You hear a piercing scream and turn to see a child knock a row of boxes off the grocery store shelf, then observe flabbergasted as the mother smiles mindlessly. Reality TV shows show parents getting drunk and cursing while their children play and mimic their behavior in the background. The effects of bad parenting are evident from incidents such as the former to parents who lock their children in cages for disciplinary purposes. Raising kids is not always a “Brady Bunch” episode, and parents are no more perfect than their children. Because you do not want your little one on the psychiatrist’s couch in the future complaining about the woes of her childhood, it is crucial to know the effects bad parenting might have on your children.
You are not a friend to your child. Permissive parents who treat their child like a BFF might end up with a monster who decides that if no one else chooses to be king of the castle, she will. Child psychologist Kenneth N. Condrell states that permissive parents abdicate authority by not being assertive with their children. A child needs guidance at every fork in the road in order to successfully navigate the series of choices he will face as he grows.
Helicopter parents who hover over their kids from the womb through college are the nemesis of doctors, teachers and others who work with children. These parents want to help their child but often end up crippling them by not allowing them to make decisions that can lead to failure. Without the risk of defeat, she might never experience victory. It is in your nature as a parent to protect your children, but too much caution might lead to your precious darling not leaving home until they are 40. Let your children fail to lead them to success.
OK. That’s it. You’re grounded for a month. That might be a scenario you are familiar with from your own childhood. And you also might remember that some parents retreat from enforcing that punishment because they realized that they have punished themselves for their child’s misdeeds. Do not lay down repercussions if you cannot stick to them. Children need to know they can trust what you say, and that goes double for consequences. If you back down enough times they will peg you for a pushover. FamilyDoctor.org suggests that being consistent means keeping the rules the same all the time.
Negative vs.

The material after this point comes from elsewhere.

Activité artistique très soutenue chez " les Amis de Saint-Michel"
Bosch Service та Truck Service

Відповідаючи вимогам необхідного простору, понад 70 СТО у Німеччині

Positive Reinforcement
When little Johnny sticks his finger in a light socket, do you smack his hand and say, “Bad boy,” or do you calmly explain the dangers of electrical outlets while? Some instances might require a “Great job!” and others a stern rebuke. Studies at the Yale Parenting Center studies show that specific praise is a powerful tool for changing behavior, whereas harsher negative punishments work only in the short term. It is likely you will do a little of both, and a balance is the best you can hope for when raising children.

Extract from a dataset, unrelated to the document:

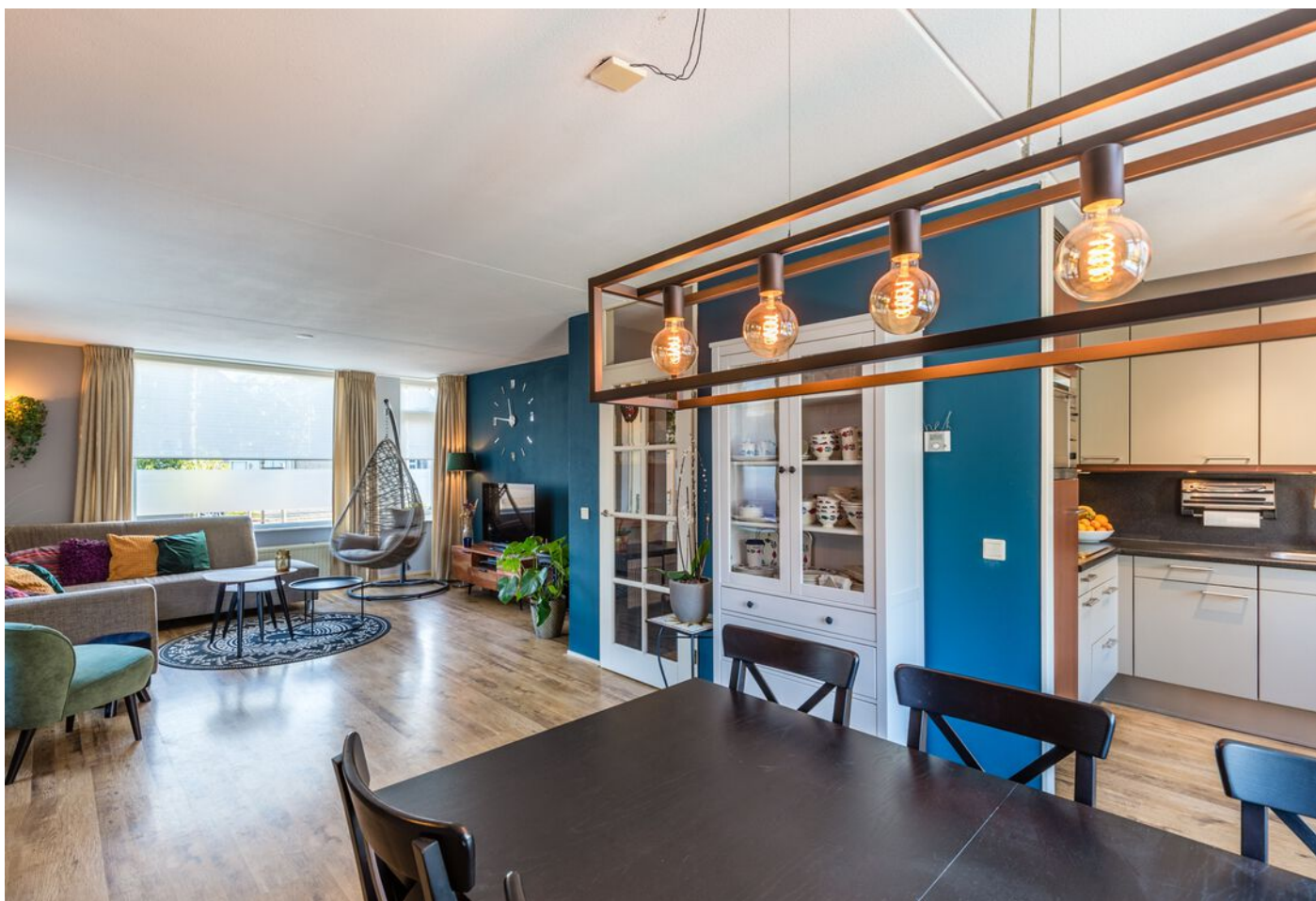
Zilverpark 108, 's-Hertogenbosch

Physical Punishment or Verbal Abuse
Is it OK to physically punish children, call them names or verbally assault them? The spanking debate rages on in communities around the world, and it is always a touchy subject. Much of how you choose to discipline your children has to do with culture and upbringing. It might be helpful to look into alternatives to physical admonishment, including timeouts, grounding, removing favorite toys and limiting screen time. These punishments might work just as well as corporal punishment. Don’t verbally abuse or put down a child. You might lose control at times when the kids are running wild, but take a breath, get a grip and remain calm. Try to control hurtful comments that might come out during moments of parenting weakness.